Mannheim

Wissenschaft Rektor der Hochschule Mannheim wirbt für Internationalisierung / Zahlreiche Preise vergeben

Auslandssemenster als wichtige Impulse

Die Welt verändert sich, neue Techniken kommen auf, allen voran die Digitalisierung. Dazu der demografische Wandel, die Veränderung des Klimas, eine ganze Menge Dinge, die den Blick in die Zukunft unsicher machen. „Wie aber bildet man Menschen aus für eine Entwicklung, die man gar nicht vorhersehen kann“, fragte Dieter Leonhard, Rektor der Hochschule Mannheim, beim Hochschultag seiner Einrichtung.

Er plädierte für eine solide Grundausbildung und eine Spezialisierung im Master. Und auf eine enge Zusammenarbeit mit den Unternehmen, die jeweils beisteuern, was gerade wirtschaftlich aktuell ist. Die Fachhochschulen, wie die Hochschule Mannheim eine ist, seien dabei gut aufgestellt, sagte Leonhard. Besonders an der Mannheimer Hochschule sei dabei ihr Forschungsschwerpunkt, der die Einrichtung deutschlandweit hervorhebe. Allerdings – nur Positives hatte Leonhard nicht zu berichten. Die Internationalisierung der Fachhochschulen komme zu langsam voran, klagte er. Zu wenige der Studenten würden sich für ein Auslandssemester entscheiden, zu wenige ausländische Wissenschaftler seien an den Fachhochschulen tätig. Dabei sei die Internationalisierung ein wichtiger Impuls, denn: „Offenheit ist ein guter Startpunkt.“

Ob seine eigene Zeit an der Hochschule Mannheim demnächst an einem Endpunkt angekommen sein wird, dazu nahm Leonhard in seiner Rede nur kurz Stellung. Der 59-Jährige ist zum Rektor der Hochschule für Technik und Wirtschaft des Saarlandes (htw saar) in Saarbrücken berufen worden. Ob der Wechsel zustande komme, sei nun Sache der zuständigen Landesministerien.

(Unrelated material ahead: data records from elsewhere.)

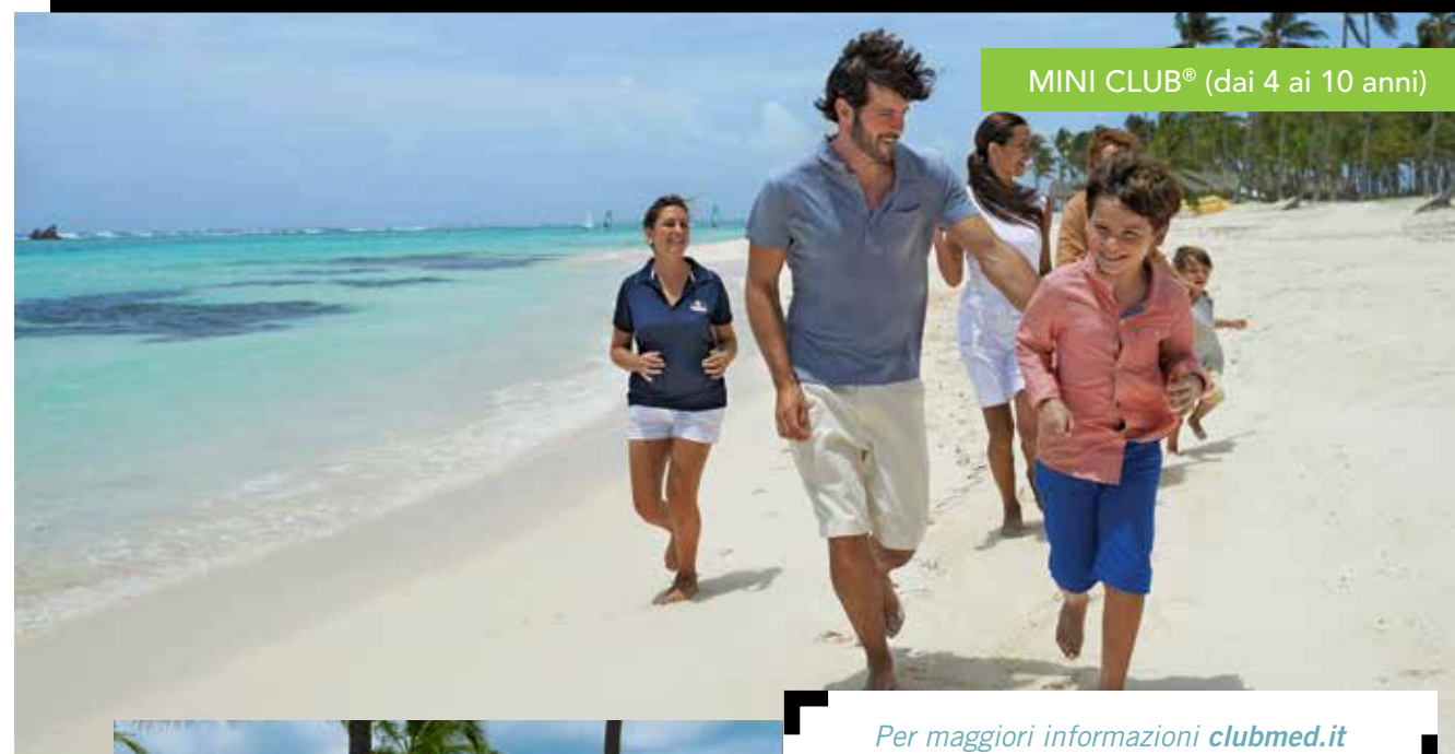
MINI CLUB® (dai 4 ai 10 anni)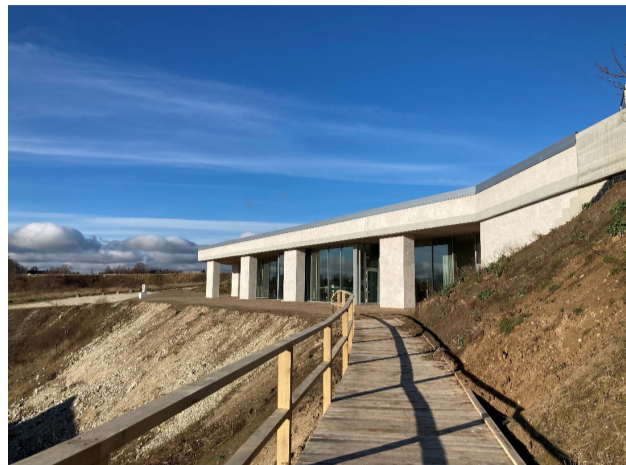
Stevns Klint Experience. Foto: Stevns Kommune, januar 2023.

Rødvig Kro på hjørnet er fra 1844 og i krohaven lå indtil 1971 en dansepavillon.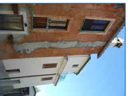
Foto 1 - Prospetto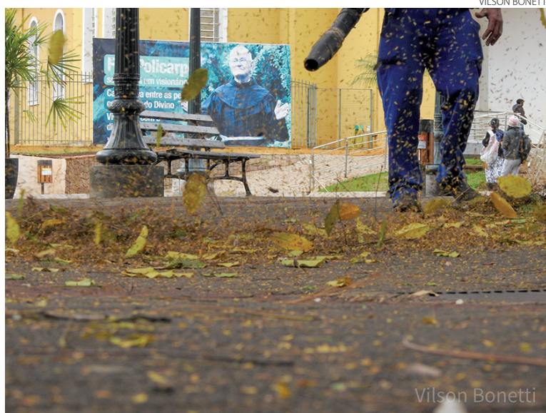
Equipe da Prefeitura de Pato Branco realizando a limpeza na praça Presidente Vargas, no centro de Pato Branco, na manhã de quinta-feira (12)

In seiner Festansprache warb Michael Krohn, Mitglied der Geschäftsleitung für einen offenen und fairen Umgang mit biologischen technologien, um den Übergang zur sogenannten Bioökonomie zu schaffen. Diese soll die heutige, auf fossilen Rohstoffen basierte Wirtschaft ablösen, indem sie auf nachwachsende Rohstoffe setzt. Dafür seien verschiedene Technologien nötig, darunter auch die grüne Gentechnologie, so Krohn. Dass diese aber gesellschaftlich nicht akzeptiert werde, andere Eingriffe aber schon, sei nicht nachvollziehbar. Um den Wandel zur nicht-fossilen Wirtschaft zu schaffen, müssten die Hochschule für „Wissen und Wandel“ sorgen.

Mit Preisen zeichnete die Hochschule Unterstützer und Studenten aus. Die Hochschulmedaille ging an Marianne und Eberhard Merz. Den Lehrpreis erhielt Ralf Vandamme, zudem wurden 17 Studierenden für besondere Leistungen ausgezeichnet und 34 Deutschlandstipendien verliehen.